EXERCISE: Using the data below, set down every line from the one containing "Rich Eagle graciously" through the one containing "Apriete la tuerca", inclusive and unchanged. Pictures are to be skipped.

SUPPLIED DATA:

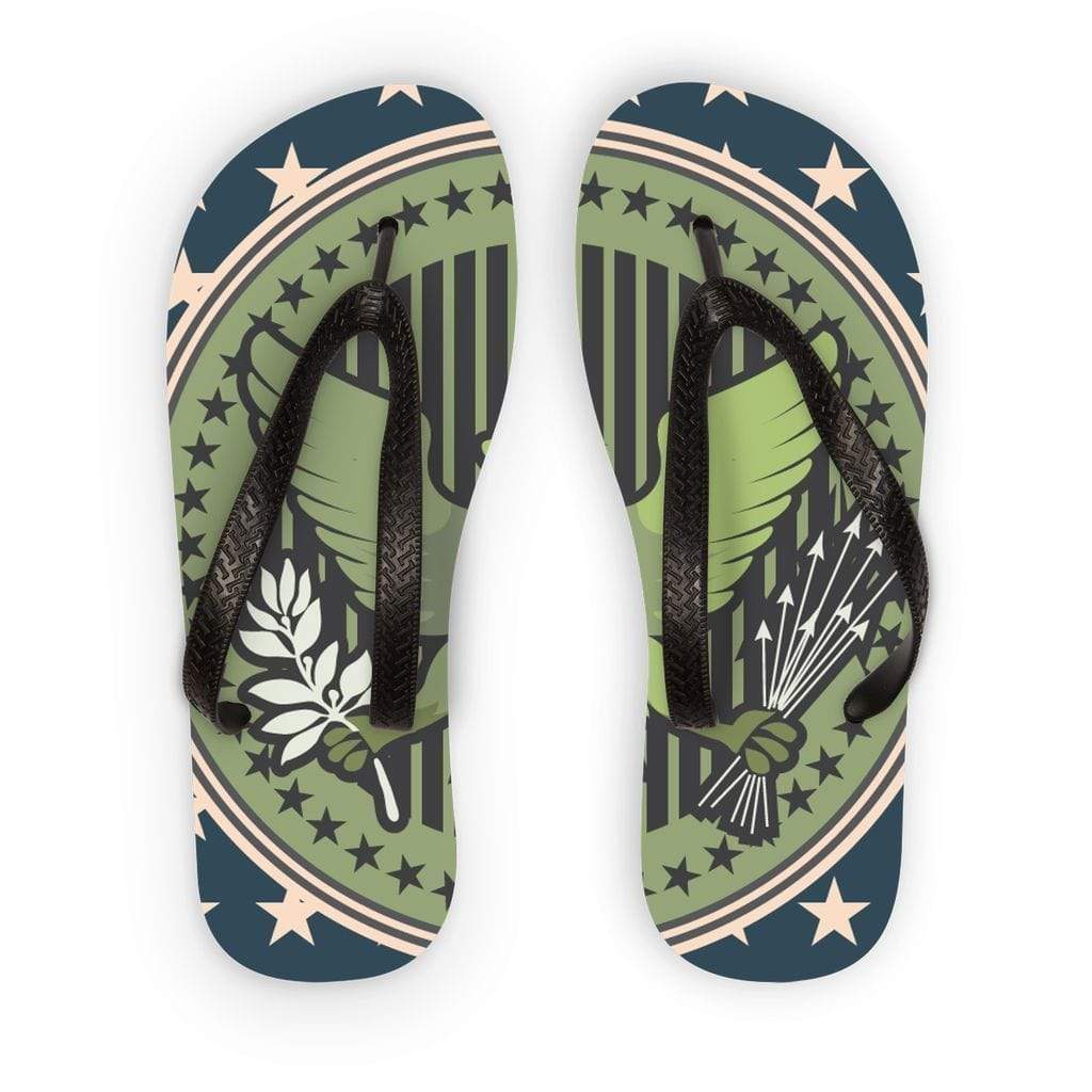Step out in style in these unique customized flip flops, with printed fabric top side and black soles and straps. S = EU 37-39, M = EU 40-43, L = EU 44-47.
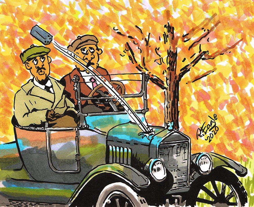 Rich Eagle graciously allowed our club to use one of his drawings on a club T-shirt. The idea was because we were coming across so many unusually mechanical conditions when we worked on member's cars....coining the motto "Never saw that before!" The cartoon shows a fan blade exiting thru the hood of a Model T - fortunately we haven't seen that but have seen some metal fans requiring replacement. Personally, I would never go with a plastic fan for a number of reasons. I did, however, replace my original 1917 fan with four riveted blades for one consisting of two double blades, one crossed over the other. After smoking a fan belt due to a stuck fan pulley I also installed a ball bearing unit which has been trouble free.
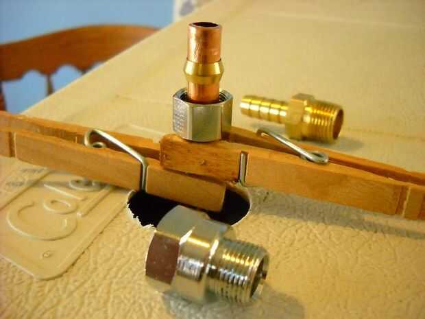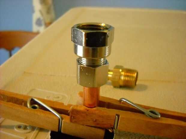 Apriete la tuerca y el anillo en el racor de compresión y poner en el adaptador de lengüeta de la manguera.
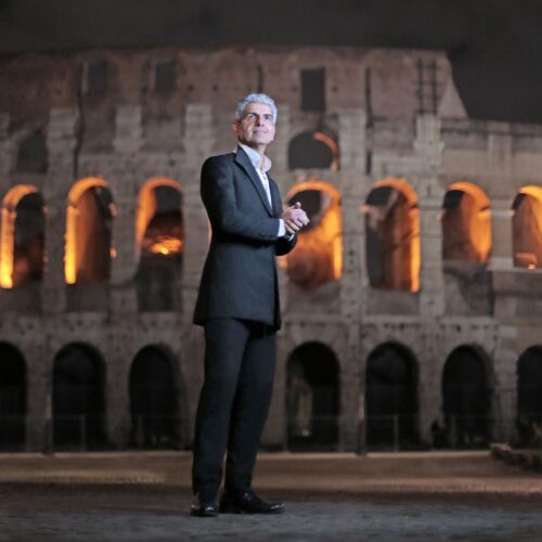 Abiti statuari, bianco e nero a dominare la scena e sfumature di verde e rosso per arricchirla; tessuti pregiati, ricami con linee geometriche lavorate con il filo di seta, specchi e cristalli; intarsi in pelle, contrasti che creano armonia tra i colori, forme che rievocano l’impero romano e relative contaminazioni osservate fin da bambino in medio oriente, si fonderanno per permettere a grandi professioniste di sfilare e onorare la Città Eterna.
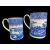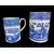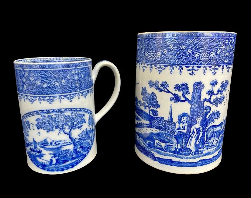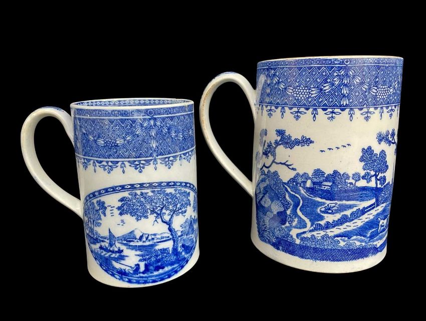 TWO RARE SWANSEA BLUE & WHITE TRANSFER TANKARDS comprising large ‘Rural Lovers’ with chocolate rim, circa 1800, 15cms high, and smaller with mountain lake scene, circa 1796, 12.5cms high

TASK SOLUTION:
 Rich Eagle graciously allowed our club to use one of his drawings on a club T-shirt. The idea was because we were coming across so many unusually mechanical conditions when we worked on member's cars....coining the motto "Never saw that before!" The cartoon shows a fan blade exiting thru the hood of a Model T - fortunately we haven't seen that but have seen some metal fans requiring replacement. Personally, I would never go with a plastic fan for a number of reasons. I did, however, replace my original 1917 fan with four riveted blades for one consisting of two double blades, one crossed over the other. After smoking a fan belt due to a stuck fan pulley I also installed a ball bearing unit which has been trouble free.
 Apriete la tuerca y el anillo en el racor de compresión y poner en el adaptador de lengüeta de la manguera.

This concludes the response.